A well-liked preacher is explaining to his flock that he must move on to a larger congregation that will pay him more.

A hush comes over the congregation --- no one wanted him to leave. Joe Smith, who owns several car dealerships in the city, stands up and proclaims, 'If the Preacher stays, I will provide him with a new Cadillac every year, and his wife with a Honda mini-van to transport their children!' The congregation sighs in relief, and applauds.

Sam Brown, a successful entrepreneur and investor, stands and says, 'If the Preacher will stay on here, I'll personally double his salary, and also establish a foundation to guarantee the college education of all his children!' More sighs and more applause.
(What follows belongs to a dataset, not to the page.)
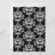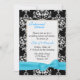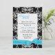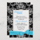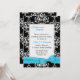Um convite para janto de ensaio de casamento elegante feito numa cor damasco a preto e branco, com uma área de texto branco sobre damasco branco. Gráficos de uma fita e arco turquesa bonito, decoram a parte inferior do convite. O texto em preto e turquesa está pronto para personalizar o seu evento.

Sadie Jones, age 88, stands and announces with a smile, 'If the Preacher stays, I will give him sex!'

There is a stunned silence. The preacher, blushing uncomfortably behind the pulpit, asks, 'Sister Jones, whatever possessed you to say that?'

Sadie's 90-year-old husband, Jake is now trying to hide, holding his forehead with the palm of his hand, and shaking his head from side to side, while his wife replies, 'Well, Preacher, I just asked my husband how we could help, and he said,... 'Screw him!'

Isn't senility wonderful? Lord, keep your arm around my shoulder and your hand over my mouth.


----------



## fluffybear (Jun 19, 2004)

This one has been posted a couple of times but always worth a chuckle


----------